Dryahina Kseniya, Polášek Miroslav, Jašík Juraj, Sovová Kristýna, Španěl Patrik
J. Heyrovský Institute of Physical Chemistry, Czech Academy of Sciences, Prague, Czechia.
Mass Spectrom Rev. 2024 Nov 6. doi: 10.1002/mas.21914.
Dielectric barrier discharge ionization (DBDI) sources, employing low-temperature plasma, have emerged as sensitive and efficient ionization tools with various atmospheric pressure ionization processes. In this review, we summarize a historical overview of the development of DBDI, highlighting key principles of gas-phase ion chemistry and the mechanisms underlying the ionization processes within the DBDI source. These processes start with the formation of reagent ions or metastable atoms from the discharge gas, which depends on the nature of the gas (helium, nitrogen, air) and on the presence of water vapor or other compounds or dopants. The processes of ionizing the analyte molecules are summarized, including Penning ionization, electron transfer, proton transfer and ligand switching from secondary hydrated hydronium ions. Presently, the DBDI-MS methods face a challenge in the accurate quantification of gaseous analytes, limiting its broader application in biological, environmental, and medical realms where relative quantification using standards is inherently complex for gaseous matrices. Finally, we propose future avenues of research to enhance the analytical capabilities of DBDI-MS.
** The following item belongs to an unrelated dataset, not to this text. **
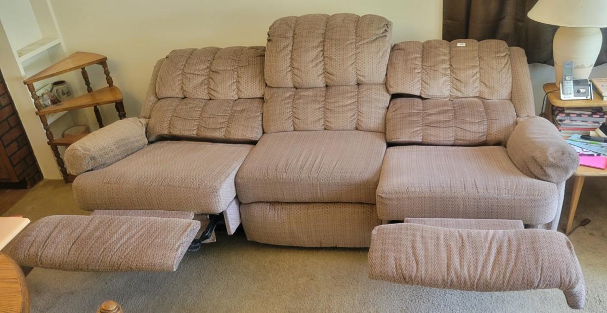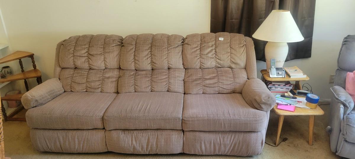 Recliner at each end. No stains, no tears, no rips. Smoke free/Pet free home.

采用低温等离子体的介质阻挡放电电离(DBDI)源已成为一种灵敏且高效的电离工具,可实现多种大气压电离过程。在本综述中,我们总结了DBDI发展的历史概况,重点介绍了气相离子化学的关键原理以及DBDI源内电离过程的潜在机制。这些过程始于从放电气体中形成试剂离子或亚稳态原子,这取决于气体的性质(氦气、氮气、空气)以及水蒸气或其他化合物或掺杂剂的存在。总结了分析物分子的电离过程,包括潘宁电离、电子转移、质子转移以及从二级水合水合氢离子的配体交换。目前,DBDI-MS方法在气态分析物的准确定量方面面临挑战,限制了其在生物、环境和医学领域的更广泛应用,在这些领域中,使用标准进行相对定量对于气态基质而言本质上较为复杂。最后,我们提出了未来的研究方向,以增强DBDI-MS的分析能力。